(Beginning of Input data)

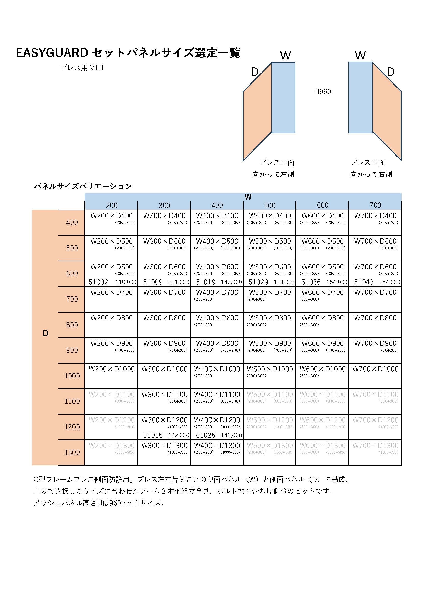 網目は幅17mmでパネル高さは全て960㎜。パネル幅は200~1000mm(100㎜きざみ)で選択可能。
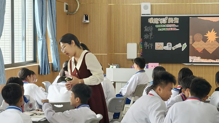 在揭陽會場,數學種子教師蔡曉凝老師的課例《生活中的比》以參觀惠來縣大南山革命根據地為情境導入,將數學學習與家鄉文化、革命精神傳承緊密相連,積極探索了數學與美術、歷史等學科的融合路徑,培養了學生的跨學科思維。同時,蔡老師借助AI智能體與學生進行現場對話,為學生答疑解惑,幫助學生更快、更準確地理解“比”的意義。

(End of Input data)
(Beginning of Input data)

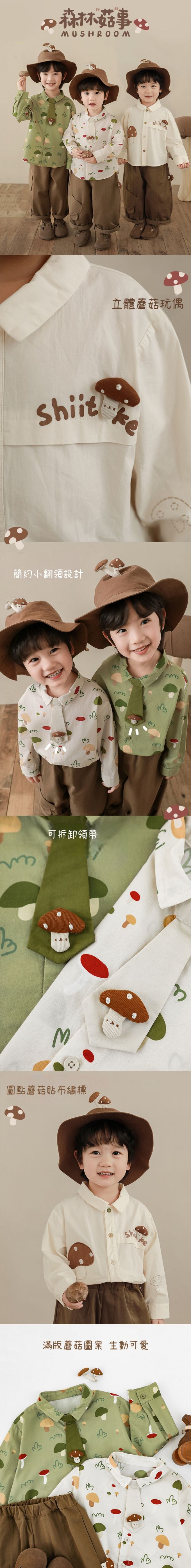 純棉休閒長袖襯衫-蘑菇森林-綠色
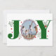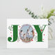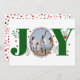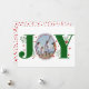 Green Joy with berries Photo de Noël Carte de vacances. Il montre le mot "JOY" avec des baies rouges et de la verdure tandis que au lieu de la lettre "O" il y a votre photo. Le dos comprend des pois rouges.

(End of Input data)
(Beginning of Input data)

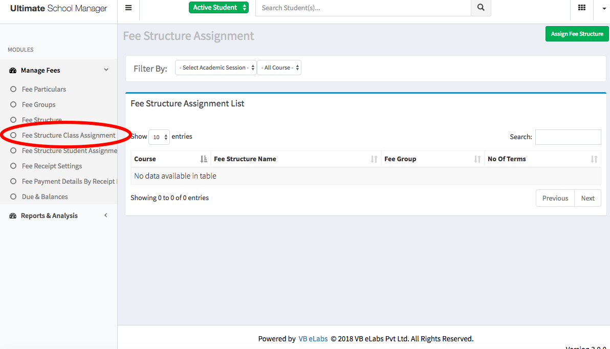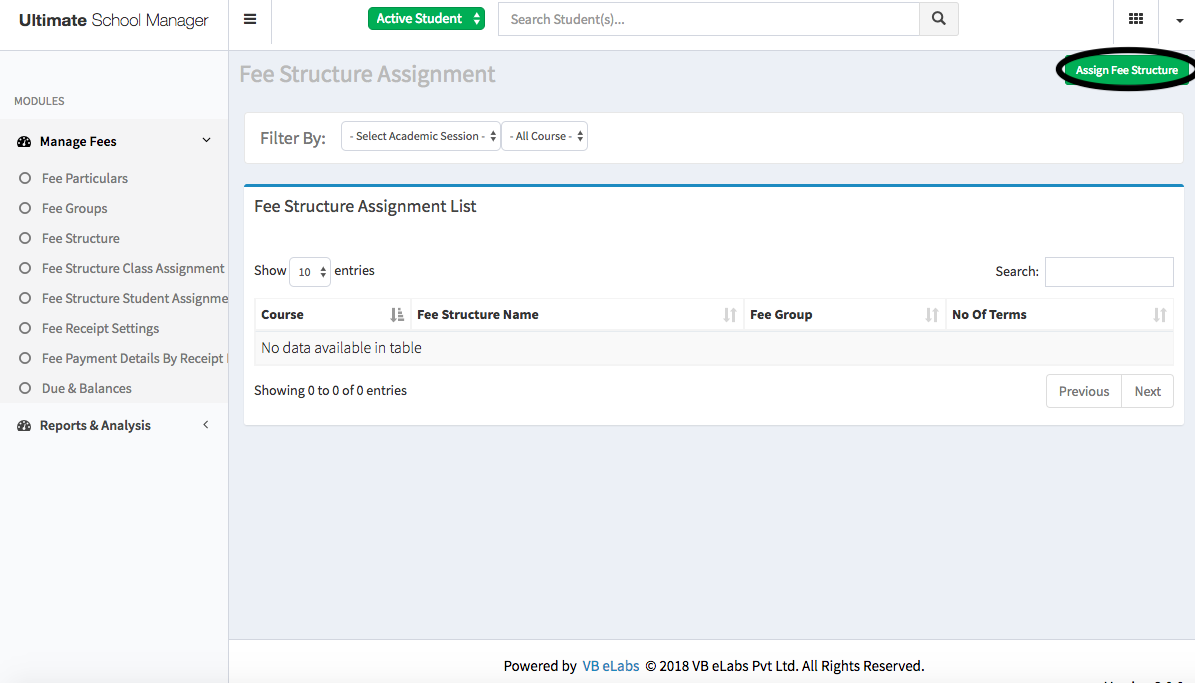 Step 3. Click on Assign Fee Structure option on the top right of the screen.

(End of Input data)

Task:
Every line from the one with "網目は幅17mmでパネル高さ" through the one with "在揭陽會場,數學種子教師蔡曉" is to be reproduced exactly as written above, and the pictures are to be dropped.

Your solution:
 網目は幅17mmでパネル高さは全て960㎜。パネル幅は200~1000mm(100㎜きざみ)で選択可能。
 在揭陽會場,數學種子教師蔡曉凝老師的課例《生活中的比》以參觀惠來縣大南山革命根據地為情境導入,將數學學習與家鄉文化、革命精神傳承緊密相連,積極探索了數學與美術、歷史等學科的融合路徑,培養了學生的跨學科思維。同時,蔡老師借助AI智能體與學生進行現場對話,為學生答疑解惑,幫助學生更快、更準確地理解“比”的意義。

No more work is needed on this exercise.